ECLI:NL:CRVB:2015:3816
Centrale Raad van Beroep
- Hoger beroep
- Rechtspraak.nl
Hoger beroep tegen niet-ontvankelijk verklaring bezwaar intrekkingsbesluit bijstandsverlening
In deze zaak gaat het om een hoger beroep van appellant tegen de niet-ontvankelijk verklaring van zijn bezwaar tegen een intrekkingsbesluit van de bijstandsverlening door het college van burgemeester en wethouders van Kerkrade. Appellant ontving sinds 1 november 2010 bijstand op basis van de Wet werk en bijstand (WWB). Op 9 juli 2013 heeft het college de bijstand van appellant ingetrokken, omdat hij niet meer op het opgegeven adres woonde. Appellant heeft pas op 27 januari 2014 bezwaar gemaakt tegen dit besluit, wat te laat was volgens het college. Het college verklaarde het bezwaar niet-ontvankelijk, omdat appellant niet tijdig had gereageerd en er geen verschoonbare redenen waren voor de termijnoverschrijding.
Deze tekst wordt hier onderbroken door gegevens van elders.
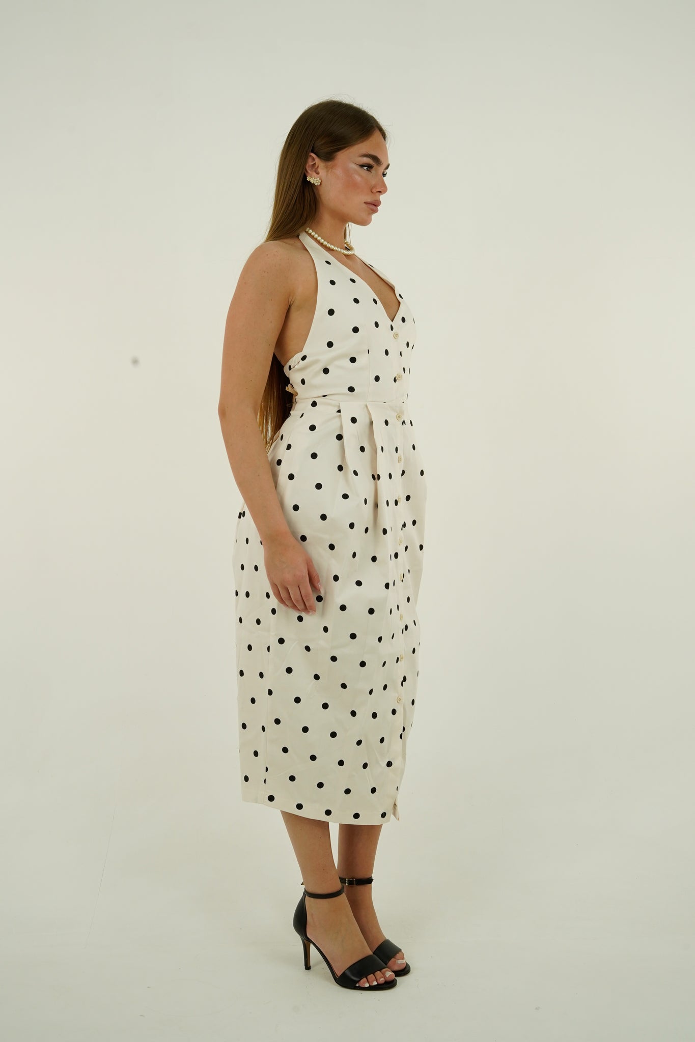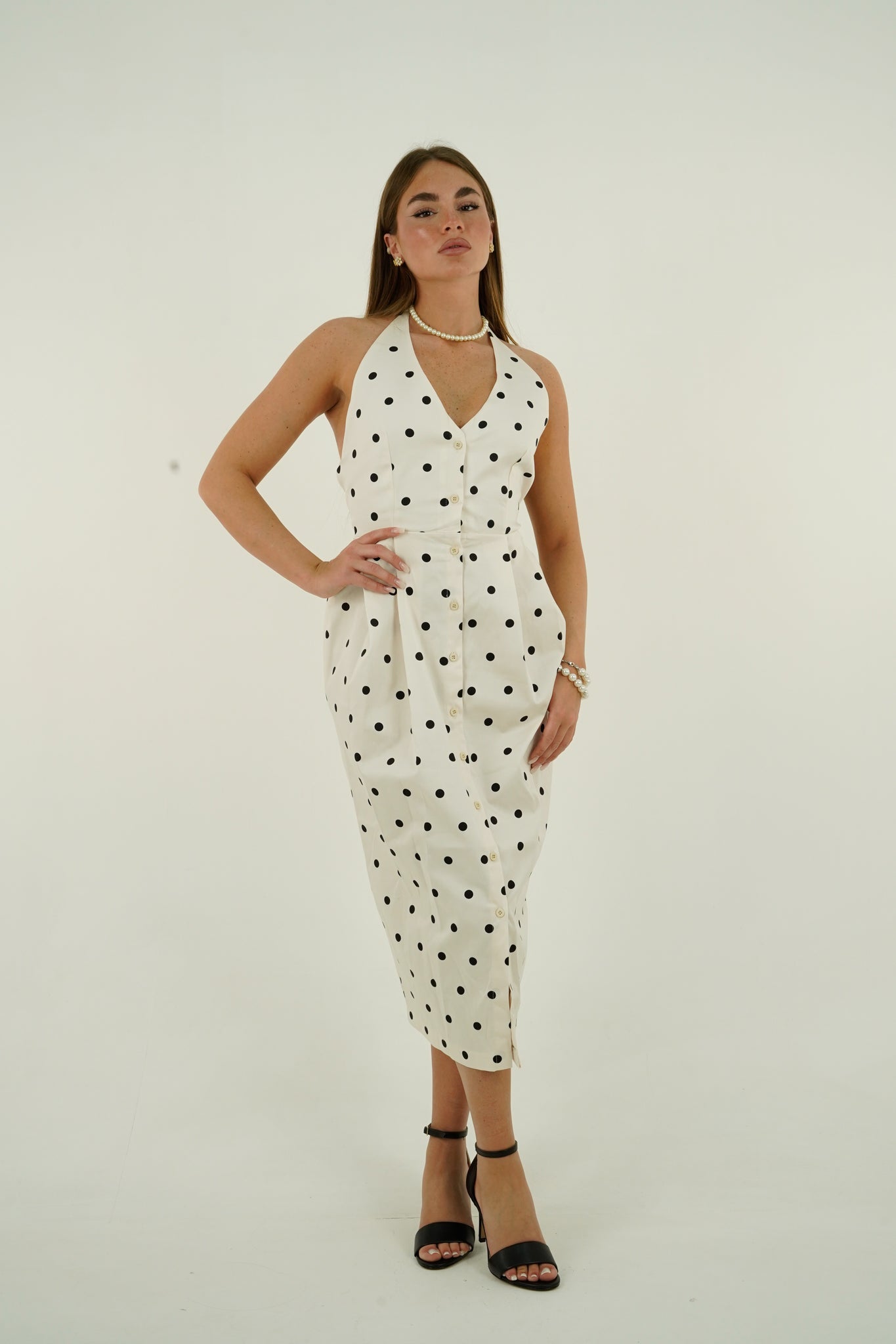 L'ABITO longuette a pois presenta pences e bottoncini frontali, insieme a uno scollo all'americana. Questa combinazione di dettagli offre un design elegante e versatile, adatto per diverse occasioni. Realizzato con materiali di qualità, garantisce comfort e una vestibilità ottimale, migliorando la silhouette.

De rechtbank Limburg heeft de beslissing van het college bevestigd, waarna appellant in hoger beroep ging. Hij voerde aan dat hij niet op de hoogte was van het intrekkingsbesluit en dat hij geen post kon ontvangen op het opgegeven adres. De Centrale Raad van Beroep oordeelde dat appellant wel degelijk op de hoogte had kunnen zijn van het besluit, aangezien hij in juli 2013 mondeling was geïnformeerd over de intrekking van zijn bijstand. De Raad concludeerde dat appellant niet in verzuim was geweest en dat het college terecht had afgezien van het horen van appellant, omdat het bezwaar kennelijk niet-ontvankelijk was.
De Raad bevestigde de uitspraak van de rechtbank en wees het verzoek om schadevergoeding af, omdat er geen gegrond beroep was. De uitspraak benadrukt het belang van tijdige indiening van bezwaarschriften en de verantwoordelijkheid van de appellant om ervoor te zorgen dat hij post kan ontvangen op een geldig adres.